>>>
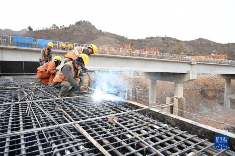 3月23日,工人在承平高速河北兴隆段施工。
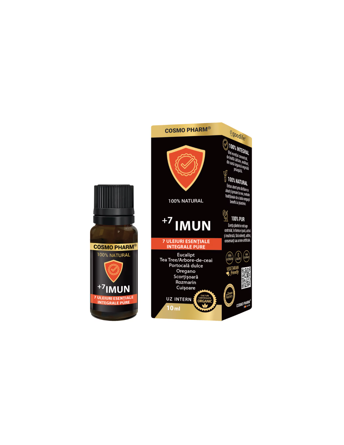 +7 IMMUN 10 ml este un mix de uleiuri esențiale integrale, creat pentru sprijinul sistemului respirator și imunitar.
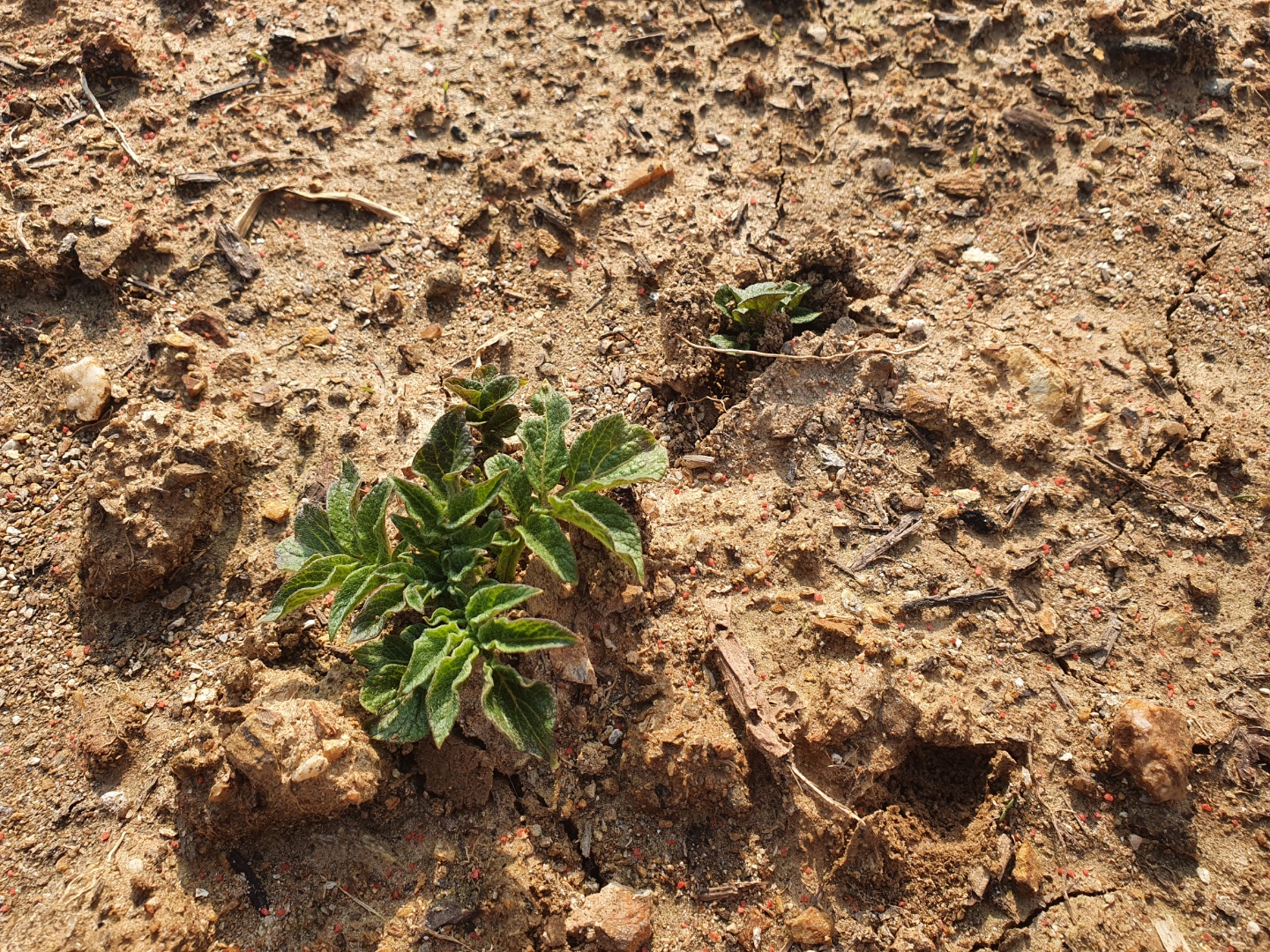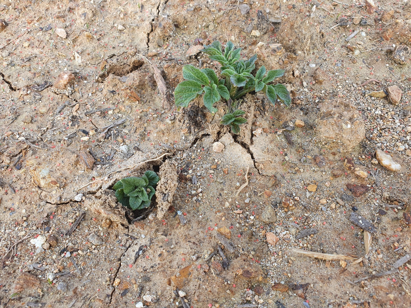 땅이 갈라지면서 올라오는 구멍을 만들어 올라오고 있는 감자의 모습. 생명력을 여기서 느끼게 되는 것 같습니다.
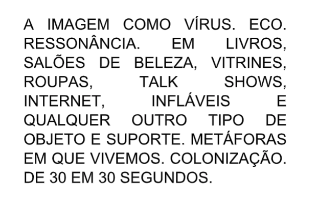 Métodos cada vez mais refinados e eficientes de desumanização e alienação fez o “Capitalismo Viral” se tornar irreversível. O corpo como commodity vem do aperfeiçoamento desse capitalismo em saber manejar uma espécie de imaterialidade, ou seja, produzindo paranoia, criando uma nova/outra relação de produção e consumo. Sendo assim, o “Capitalismo Viral” - se o relacionarmos à lógica do HIV funcionaria assim: Existe uma cooptação da “doença”, criando assim sistemas de manutenção desse “novo produto”. Manter uma espécie de “falsa panaceia” é interessante para continuar com a “lei da oferta e da procura”. Na verdade se formos pensar vários outros estratagemas da vida contemporânea funcionam desta maneira, todos atravessando o corpo.
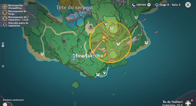 Ensuite, dirigez-vous vers la mine Jakotsu. L’indicateur de zone comprend une large bande autour du point de téléportation, mais votre objectif est autour du dôme d’eau géant (ou de la zone où il se trouvait, si vous avez déjà terminé le Rituel de purification du cerisier sacré, là où se trouvait le dôme). Descendez au niveau inférieur et la Fée chercheuse vous guidera vers les trésors. Ils sont tous proches les uns des autres cette fois, et aucune surprise ennemie ne vous attend.
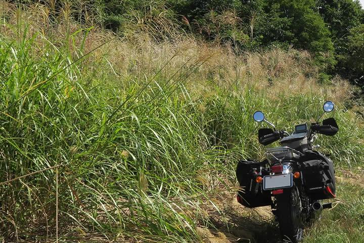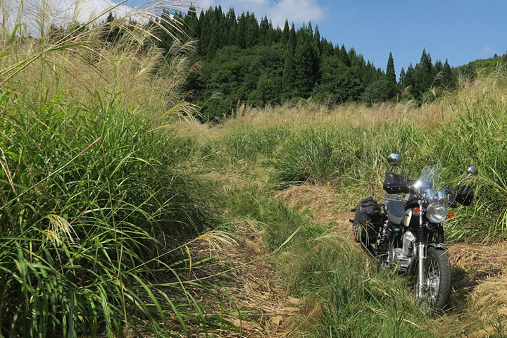 CB400ss-TMのトラディショナルなスタイルは秋の景色に溶け込むようで違和感も無く、秋祭りの幟と色づいた稲穂の日本の原風景を眺め、脇道へ入り込んだススキの原っぱでは簡単には出られなくなりそうで大慌てしたが、それもCB400ss-TMによる道草の面白さかな。
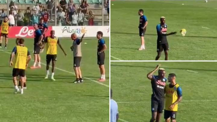 Super Eagles striker, Victor Osimhen was kicked out of training by Napoli’s Head Coach Luciano Spalleti following a training ground bust-up on Sunday, July 24.
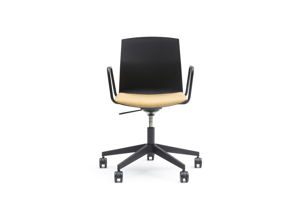 Chaise avec ou sans accoudoirs, idéal pour hôtellerie et les projets de bureau. Il existe des versions avec structure pivotant en aluminium ou en bois.
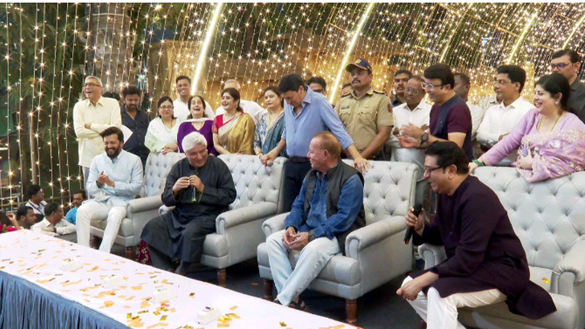 पूरे देश में दिवाली की धूम है। चारों तरफ दिए, लाइटें प्रज्वलित हो रही हैं। छुट्टियाँ शुरू हो चुकी हैं। लोग अपने घरों के लिए निकल पड़े हैं। जगह-जगह पर दीपोत्सव के कार्यक्रम आयोजित हो रहे हैं। इसी क्रम में आज शुक्रवार को मनसे नेता राज ठाकरे ने भी हर वर्ष की तरह इस वर्ष भी दीपोत्सव कार्यक्रम आयोजित किया। इस कार्यक्रम में मुख्य अथिति के तौर पर मशहूर लेखक जावेद अख्तर और सलमान खान के पिता सलीम खान आए हुए थे। इन दोनों लेखकों की जोड़ी सार्वजनिक मंच पर बड़े वर्षों के बाद दिखी।
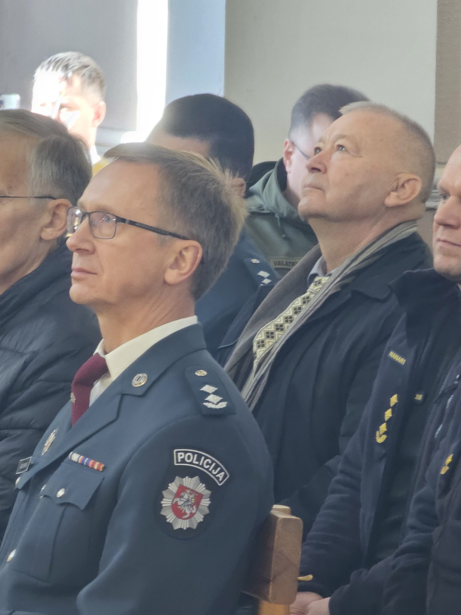 „Kiekvienas pareigūnas tiek komisariate, tiek šalyje, buvo pasiryžęs ateiti jums į pagalbą. Informacija dalinosi kolegos iš Latvijos, Lenkijos, kad tik jūs kuo greičiau atliktumėte nelengvą darbą. Turbūt savo šeimos nariams iš karto nė nepasakojate to, kas vyko. Kuomet viskas baigiasi gerai, aš tikiu, kad ne veltui turime tradiciją susirinkti bažnyčioje, pasimelsti, kad mus visus saugotų angelai“, – kalbėjo policijos viršininkas.
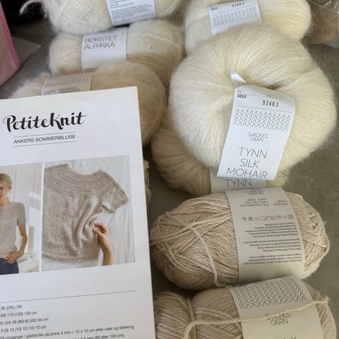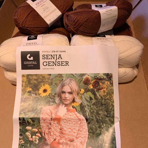 Jeg selger 6 garn med oppskrift til vest som avbildet.
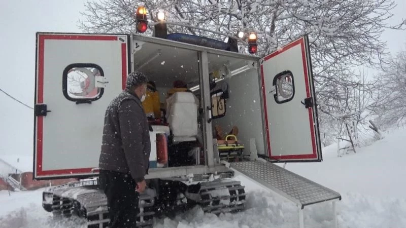 Yaylada mahsur kalan hastaya paletli ambulansla ulaşıldı
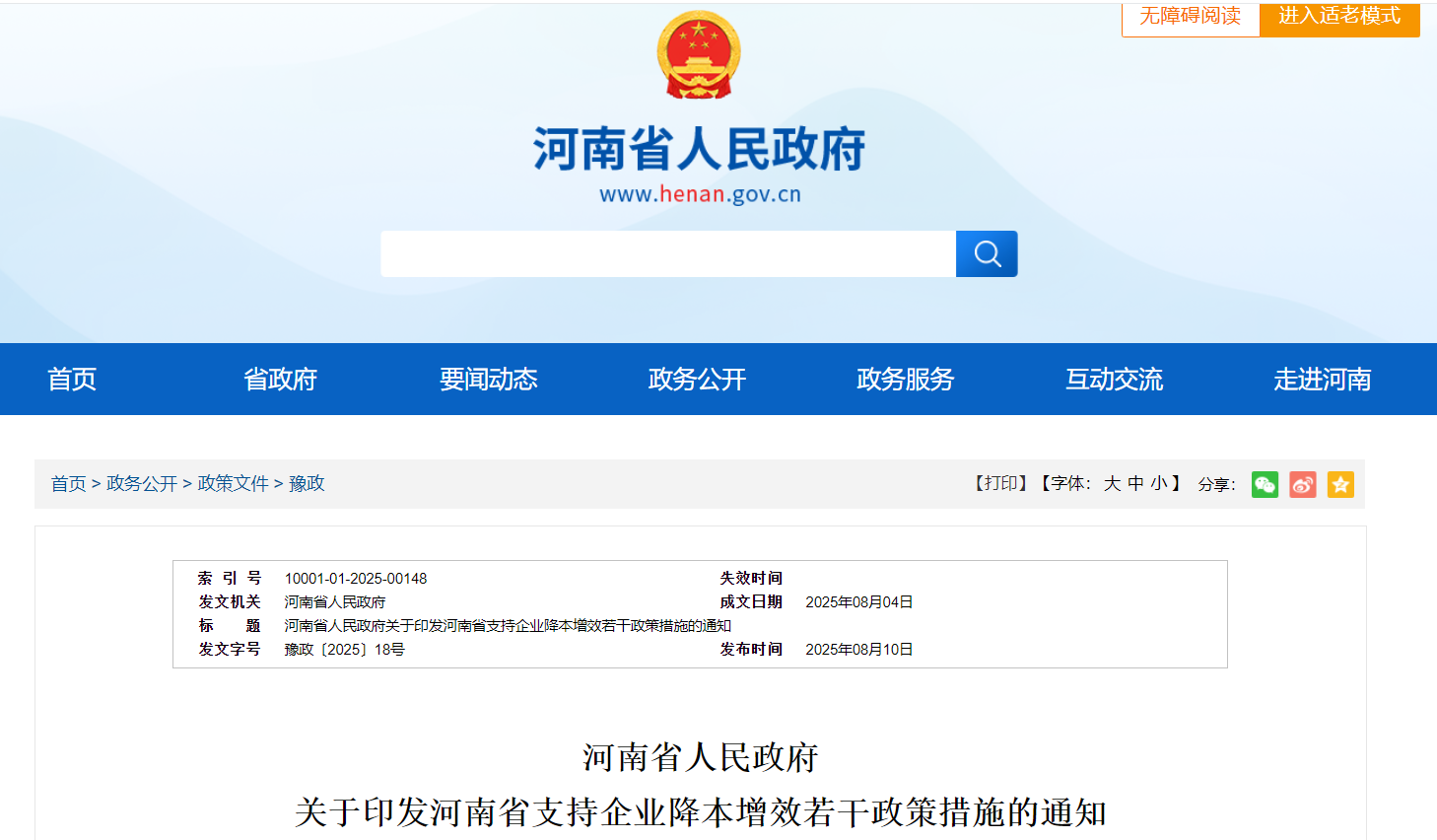 关于印发河南省支持企业降本增效若干政策措施的通知
<<<
- **WHAT YOU HAVE TO DO**
Would you give again, exactly, the lines in the data above that run from the line containing "Super Eagles striker, Victor" to the line containing "Chaise avec ou"? Include both ends and no pictures.

- **TASK RESPONSE**
 Super Eagles striker, Victor Osimhen was kicked out of training by Napoli’s Head Coach Luciano Spalleti following a training ground bust-up on Sunday, July 24.
 Chaise avec ou sans accoudoirs, idéal pour hôtellerie et les projets de bureau. Il existe des versions avec structure pivotant en aluminium ou en bois.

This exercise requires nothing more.